Towards the end of the tour, our hosts in Nottingham, owners of a wonderful jazz club called Peggy's Skylight, put us up at their homes. The foliage in front of one of the houses along the street was decidedly American, with pampas grass and Virginia creeper.

The wannabe urban planner in me would like to take a moment to heap praise upon shallow setbacks, which I will pretend is a botanical term for locating homes close to the street. The small front yard thus created is a manageable space for having a small garden. Princeton has some neighborhoods with these smaller setbacks, but where homes are placed far from the street, not only is it less likely one will get to know one's neighbor, but the vast front yard thus created is also too big for most people to garden. The solution most homeowners gravitate towards is a boring, sterile expanse of mowed lawn. In England, I was glad for the feeling of embrace the narrow streets and their close-in buildings create.

There's a wonderful post about Virginia creeper by a woman in London who describes herself this way: "Bug Woman is a slightly scruffy middle-aged woman who enjoys nothing more than finding a large spider in the bathroom."

The blogger's description of self begs the question: Are Brits more comfortable than Americans with self-deprecation? In downtown Nottingham, we saw the Ugly Bread Bakery, 
which was just up the street from the Fatface department store. Do words get upcycled in England, to turn a negative into a positive? Though people were not above occasional complaint, we picked up on considerable positive energy, with the word "brilliant" being sprinkled liberally upon various things and actions, the way we might use "awesome."



One plant doing very well in England is English ivy, which looks to be a bonafide native. Vines typically bloom only when they climb something, which is why you never see English ivy, Virginia creeper, or poison ivy blooming when they are only spreading across the ground.

Along with the loss of wildlife, there's also the mourning of the attrition of hedgerows in the countryside. Apparently a lot were removed after WWII, when farming shifted towards maximum production and the hedgerows were standing in the way of expanding fields. Our pianist for the week, Adam Biggs, lives in Bath and described to me how hedgerows are not so much planted as "laid". There's a whole technique to creating and maintaining hedgerows, which are promoted as important habitat for wildlife.

We were fortunate in Nottingham to have an instantly likable host named Lex, a geographer with a liking for pirates and educational t-shirts.




A closer look reveals important anatomical differences between various strains of humanity.


Their dog is a small version of a pure bred fox hound, the runt of the litter. The sort that hunts foxes, Lex explained, are much larger and specially bred. He described the tradition of fox hunting historically as more a form of warfare than sport--a means by which the upper class could demonstrate dominion over the lands populated by the tenant farmers.

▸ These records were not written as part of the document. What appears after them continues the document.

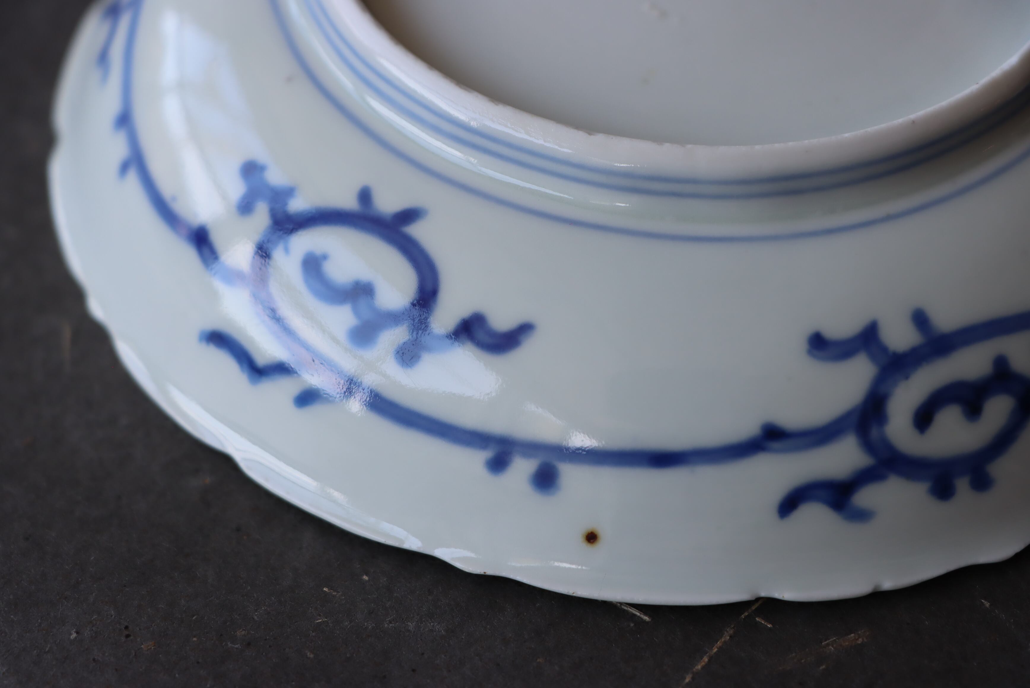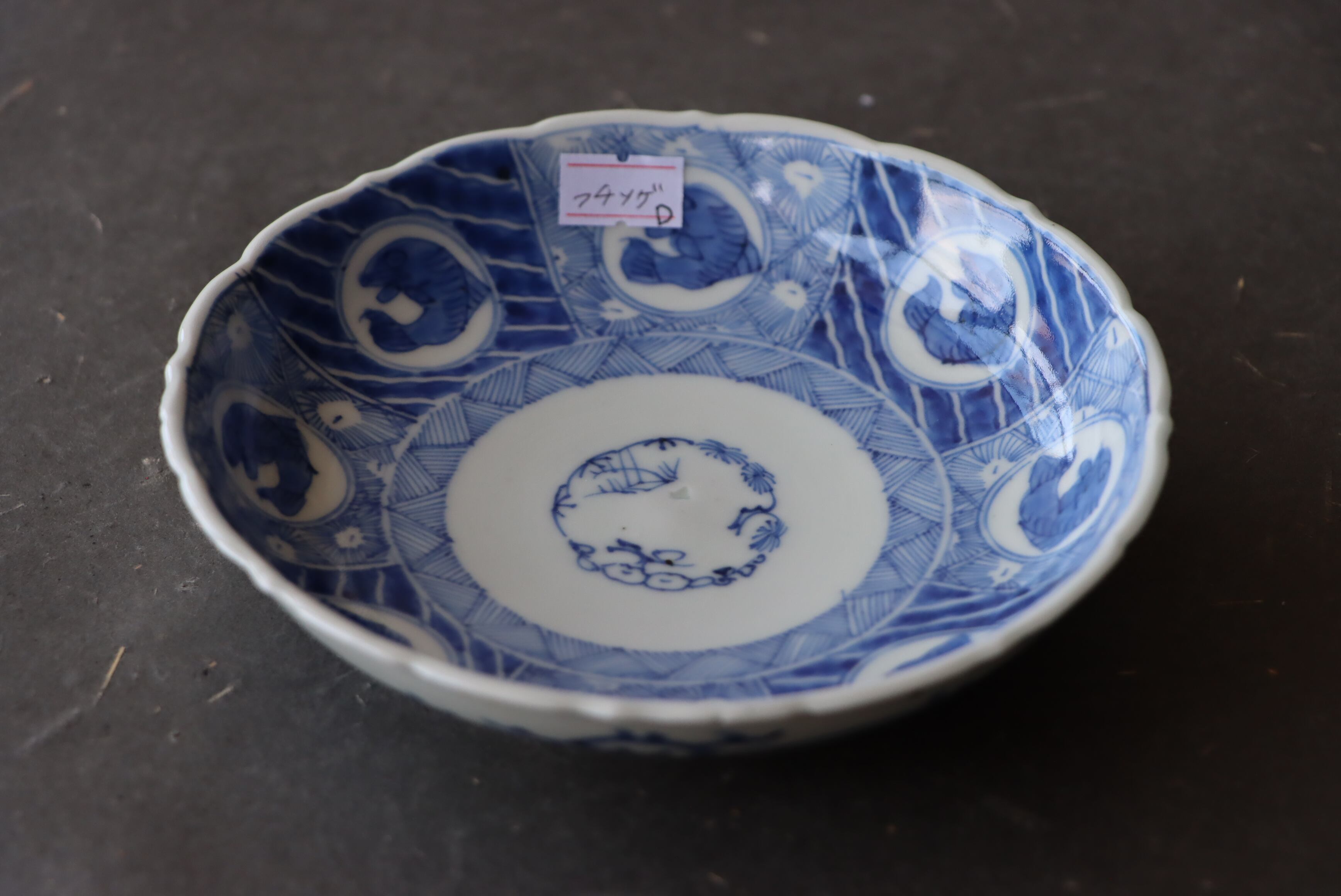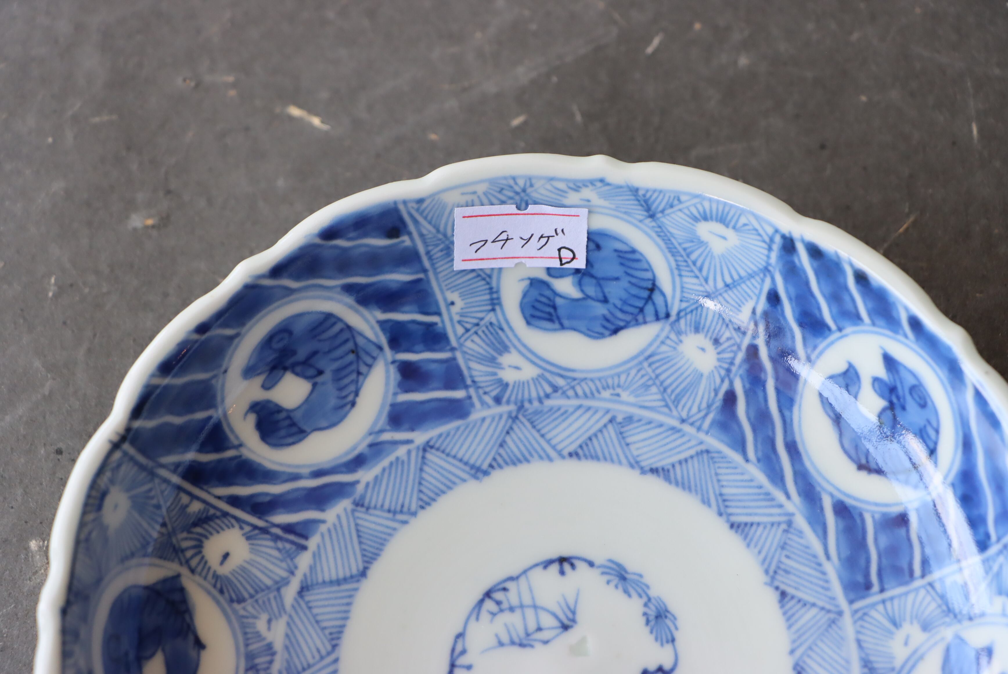 フチソゲ 染付 芙蓉手 魚文 平向付 D アウトレット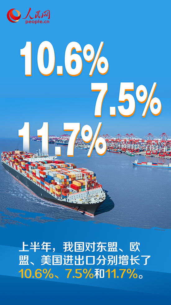 上半年,我國對東盟、歐盟、美國進出口分別增長了10.6%、7.5%和11.7%。同期,我國對“一帶一路”沿線國家、區域全面經濟伙伴關系協定(RCEP)貿易伙伴進出口分別增長17.8%和5.6%。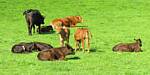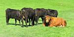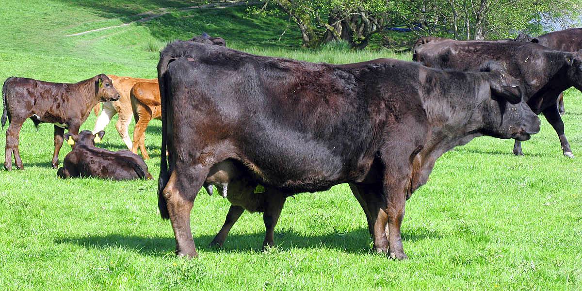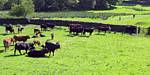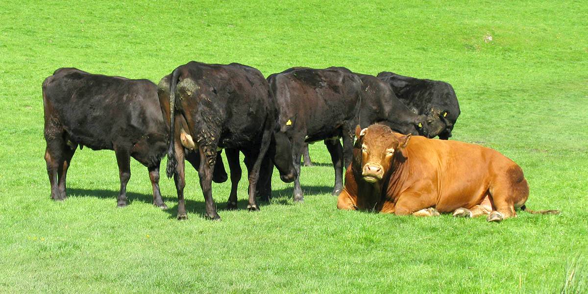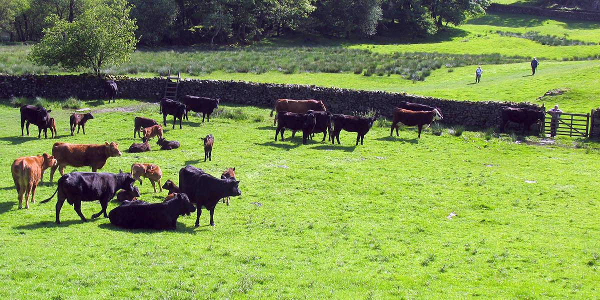 Cows on the other side of the wall in the next field. | Renée on the style over the wall with the cows behind. | A calf suckling and the bull clearly in charge. |

Fox hunting became logistically difficult as the landscape became more broken up into smallholder parcels whose owners were less willing to go along with the periodic invasion. 



While we found Robin Hood hanging out next to Nottingham Castle, built over ancient sandstone caves, he'd now have to drive an hour north to reach what remains of Sherwood Forest. There was no time for that, even though it looks like there's an amazingly old oak up there called the Major Oak.

We didn't see any fairs in Scarborough, but we did go, and did play for a thousand people at the jazz festival there. They called our music "joy jazz"--a new genre. Half the joy was in the music. The other half was in getting to see England and meet some of its people.